*Description of the task*. Write out exactly the lines running from the one with "- -f: Forces" to the end of the data, including both of those lines and excluding pictures.

*Recorded data*.

════

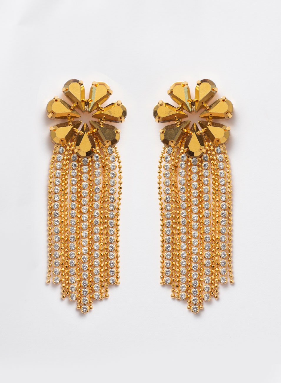 Decorados com uma composição de cristais furtacor, que se unem em um gracioso formato de flor, esses brincos destacam-se pela sua delicadeza e pela exuberância das cores que refletem a luz de forma encantadora. Além disso, apresentam uma elegante franja de cristais e bolinhas que adiciona movimento e sofisticação ao design.
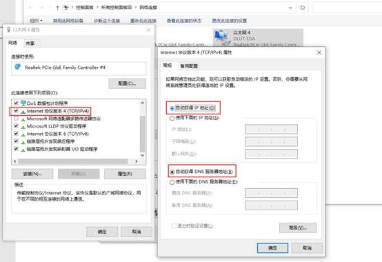 3、 左键点击属性,点Internet 协议版本4(TCP/IPV4) 属性选择自动获得ip地址和DNS服务器,确定。
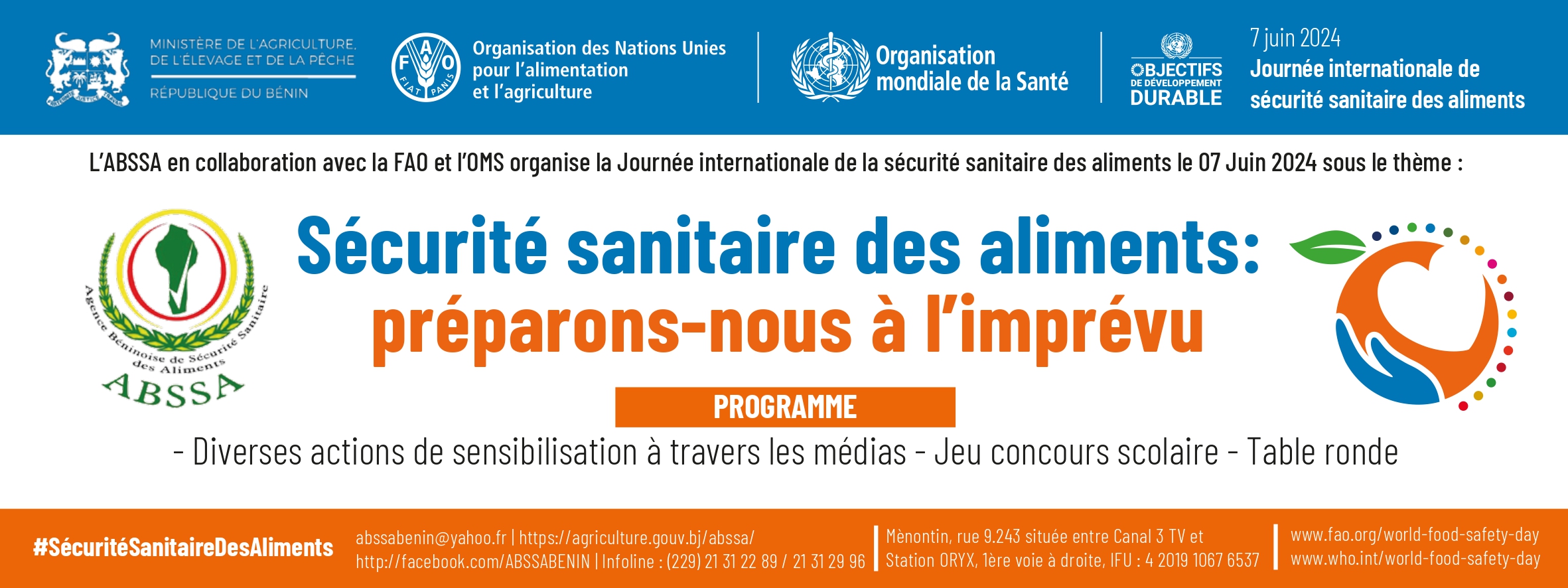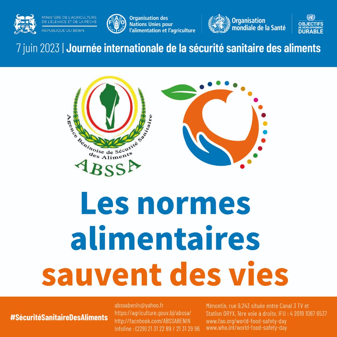 Au regard de ses attributions, en particulier « la communication sur les risques sanitaires liés aux aliments », l’Agence Béninoise de Sécurité Sanitaire des Aliments (ABSSA) est l’autorité compétente chargée d’organiser au niveau national, cette journée en collaboration avec les organisations internationales à savoir l’Organisation Mondiale de la Santé (OMS) et l’Organisation des Nations Unies pour l’Alimentation et la Nutrition (FAO).
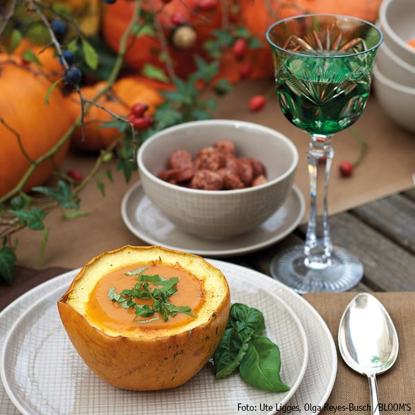 Weitere Deko-Ideen und leckere Rezepte finden Sie im Buch *„Kürbisgenuss - Rezepte und Deko-Ideen feiern mit Freunden“*, von Ute Ligges & Olga Reyes-Busch.
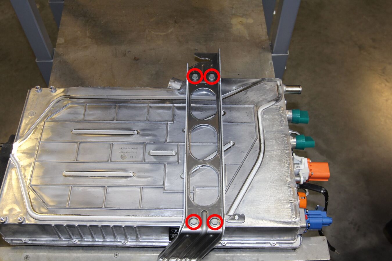 - Install new bolts (x4) that attach the mounting bracket onto the new charger (torque 7 Nm).
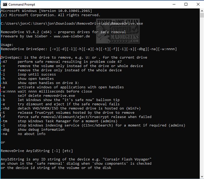 - -f: Forces safe removal if the process fails (requires admin privileges for Vista and later).
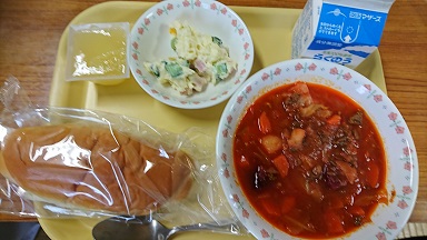 「ミルクパン、牛乳、マセドアンサラダ、ボルシチ、りんごゼリー」
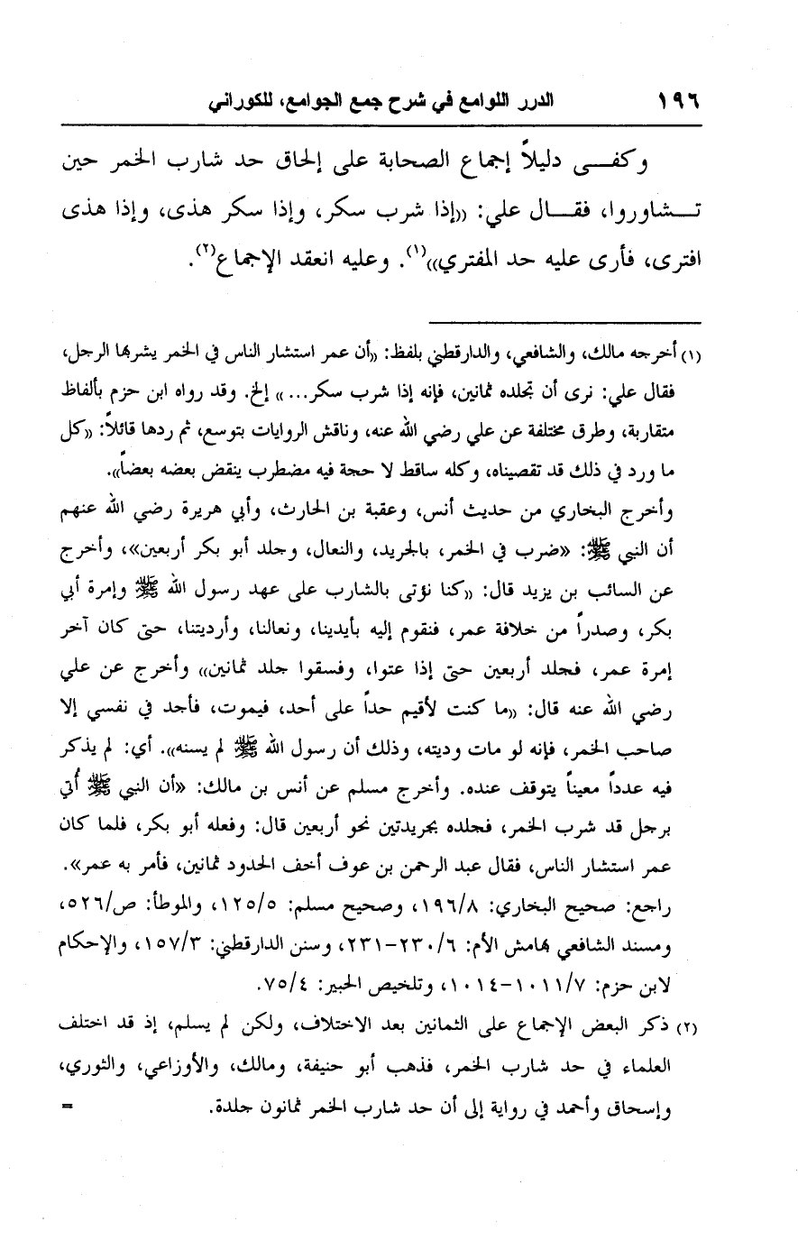 (١) أخرجه مالك، والشافعي، والدارقطني بلفظ: "أن عمر استشار الناس في الخمر يشربها الرجل، فقال علي: نرى أن تجلده ثمانين، فإنه إذا شرب سكر. . ." إلخ. وقد رواه ابن حزم بألفاظ متقاربة، وطرق مختلفة عن علي رضي الله عنه، وناقش الروايات بتوسع، ثم ردها قائلًا: "كل ما ورد في ذلك قد تقصيناه، وكله ساقط لا حجة فيه مضطرب ينقض بعضه بعضًا".
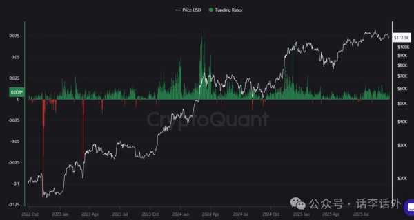 比特币的资金费率(Funding Rates)在今年突破 12 万美元以来,现在看起来还是继续处在相低位的水平区间,如下图所示,而这似乎也表明了人们对 BTC 的购买需求还没有真正达到情绪的最高点,根据历史经验来看,通常情况下,牛市的阶段性末期往往会先伴随着 Perps 的驱动,而目前 Perps 概念的火爆似乎也同时预示了今年第四季度的机会与风险。

════

*Result for this exercise*.
 - -f: Forces safe removal if the process fails (requires admin privileges for Vista and later).
 「ミルクパン、牛乳、マセドアンサラダ、ボルシチ、りんごゼリー」
 (١) أخرجه مالك، والشافعي، والدارقطني بلفظ: "أن عمر استشار الناس في الخمر يشربها الرجل، فقال علي: نرى أن تجلده ثمانين، فإنه إذا شرب سكر. . ." إلخ. وقد رواه ابن حزم بألفاظ متقاربة، وطرق مختلفة عن علي رضي الله عنه، وناقش الروايات بتوسع، ثم ردها قائلًا: "كل ما ورد في ذلك قد تقصيناه، وكله ساقط لا حجة فيه مضطرب ينقض بعضه بعضًا".
 比特币的资金费率(Funding Rates)在今年突破 12 万美元以来,现在看起来还是继续处在相低位的水平区间,如下图所示,而这似乎也表明了人们对 BTC 的购买需求还没有真正达到情绪的最高点,根据历史经验来看,通常情况下,牛市的阶段性末期往往会先伴随着 Perps 的驱动,而目前 Perps 概念的火爆似乎也同时预示了今年第四季度的机会与风险。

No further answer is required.